## ABOUT THIS TASK
Reproduce the listing exactly and skip over any pictures.

◇ ◇ ◇ ◇

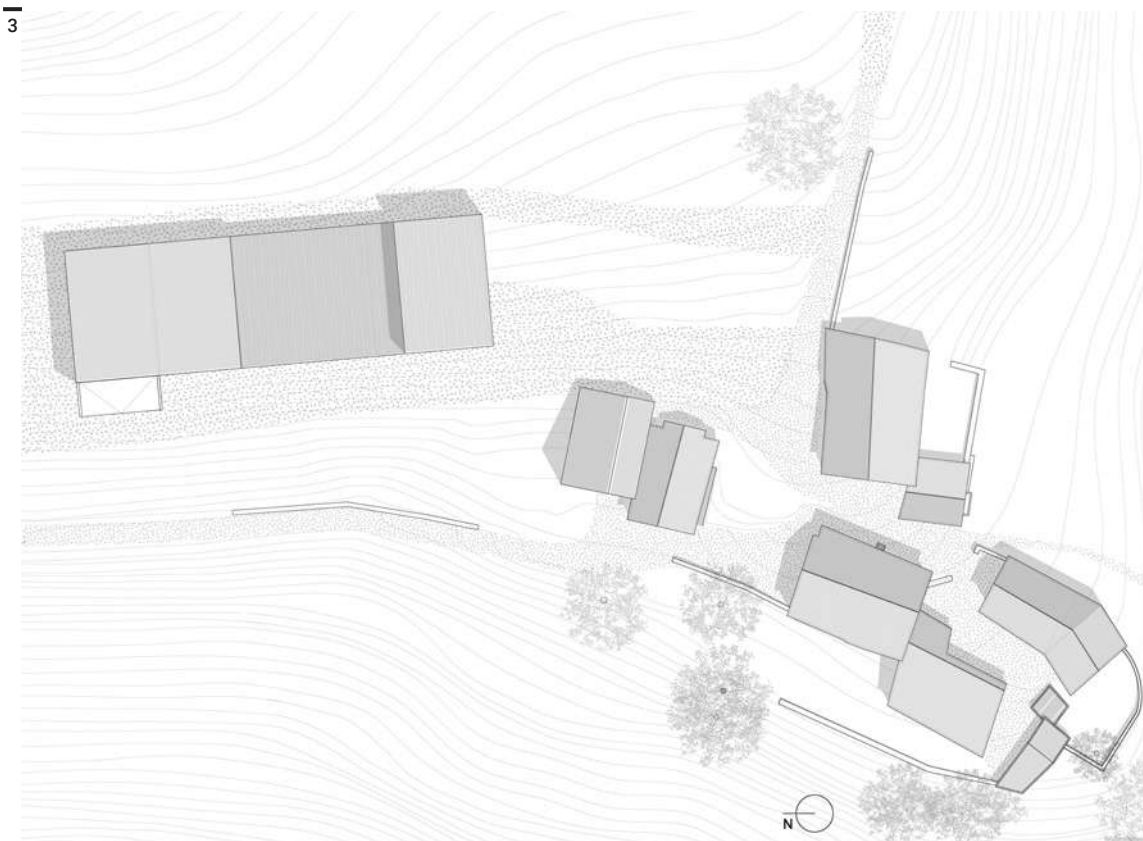
Fig. 2 Gli spazi aperti.
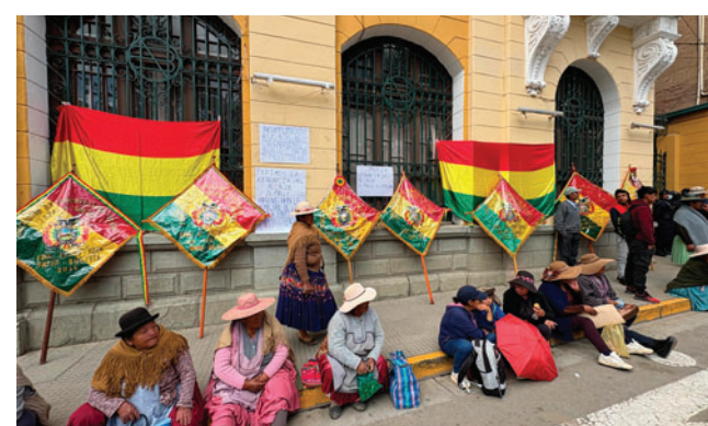
Comerciantes del mercado Max Fernández se movilizaron en puertas de la Alcaldía

También se acordó controlar el avance de productos en las tiendas para adecuarse a la normativa municipal vigente e inspeccionar sectores específicos respecto a solicitudes para instalar anaqueles.
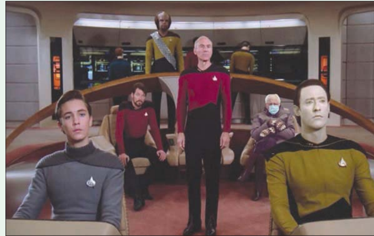
... وفي مسلسل «ستار تريك»

قائلاً «نحن لا نستمتع بتلك المزحة فحسب وإنما نعمل انطلاقاً من ولاية فيرمونت على تحويلها إلى قمصان وملابس للشباب في مختلف أرجاء البلاد، وكل الأموال التي سوف نتمكن من جمعها، والتي أتوقع أن تصل إلى مليونين من الدولارات، سوف تذهب لصالح برامج خيرية من شاكلة (وجبات على العجلات) التي تساعد في إطعام كبار السن من المواطنين ذوي الدخل المنخفض. لذلك، انضح أنه أمر جيد للغاية في واقع الأمر، وليس مثيراً للإمتاع فحسب».
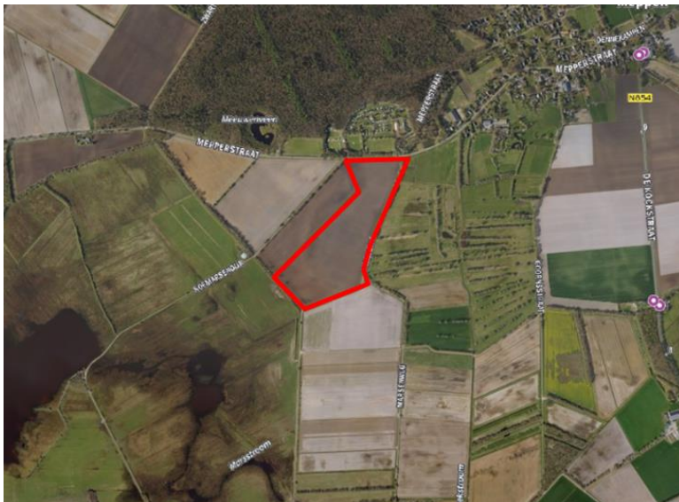
Figuur 1. percelen ontheffing

Wij hebben besloten op basis van onderstaande motivering aan u een ontheffing te verlenen op basis van artikel 3.3 van de Wet natuurbescherming (Wnb) voor het doden van grauwe- en kolganzen met behulp van geweer ter ondersteuning van de aangebrachte preventieve middelen vanaf één uur voor zonsopkomst ter voorkoming van belangrijke schade aan kwetsbare gewassen op de percelen uit uw aanvraag zoals weergegeven op onderstaande figuur 1.

◇ ◇ ◇ ◇

## RESULT OF THE TASK
Fig. 2 Gli spazi aperti.
Comerciantes del mercado Max Fernández se movilizaron en puertas de la Alcaldía

También se acordó controlar el avance de productos en las tiendas para adecuarse a la normativa municipal vigente e inspeccionar sectores específicos respecto a solicitudes para instalar anaqueles.
... وفي مسلسل «ستار تريك»

قائلاً «نحن لا نستمتع بتلك المزحة فحسب وإنما نعمل انطلاقاً من ولاية فيرمونت على تحويلها إلى قمصان وملابس للشباب في مختلف أرجاء البلاد، وكل الأموال التي سوف نتمكن من جمعها، والتي أتوقع أن تصل إلى مليونين من الدولارات، سوف تذهب لصالح برامج خيرية من شاكلة (وجبات على العجلات) التي تساعد في إطعام كبار السن من المواطنين ذوي الدخل المنخفض. لذلك، انضح أنه أمر جيد للغاية في واقع الأمر، وليس مثيراً للإمتاع فحسب».
Figuur 1. percelen ontheffing

Wij hebben besloten op basis van onderstaande motivering aan u een ontheffing te verlenen op basis van artikel 3.3 van de Wet natuurbescherming (Wnb) voor het doden van grauwe- en kolganzen met behulp van geweer ter ondersteuning van de aangebrachte preventieve middelen vanaf één uur voor zonsopkomst ter voorkoming van belangrijke schade aan kwetsbare gewassen op de percelen uit uw aanvraag zoals weergegeven op onderstaande figuur 1.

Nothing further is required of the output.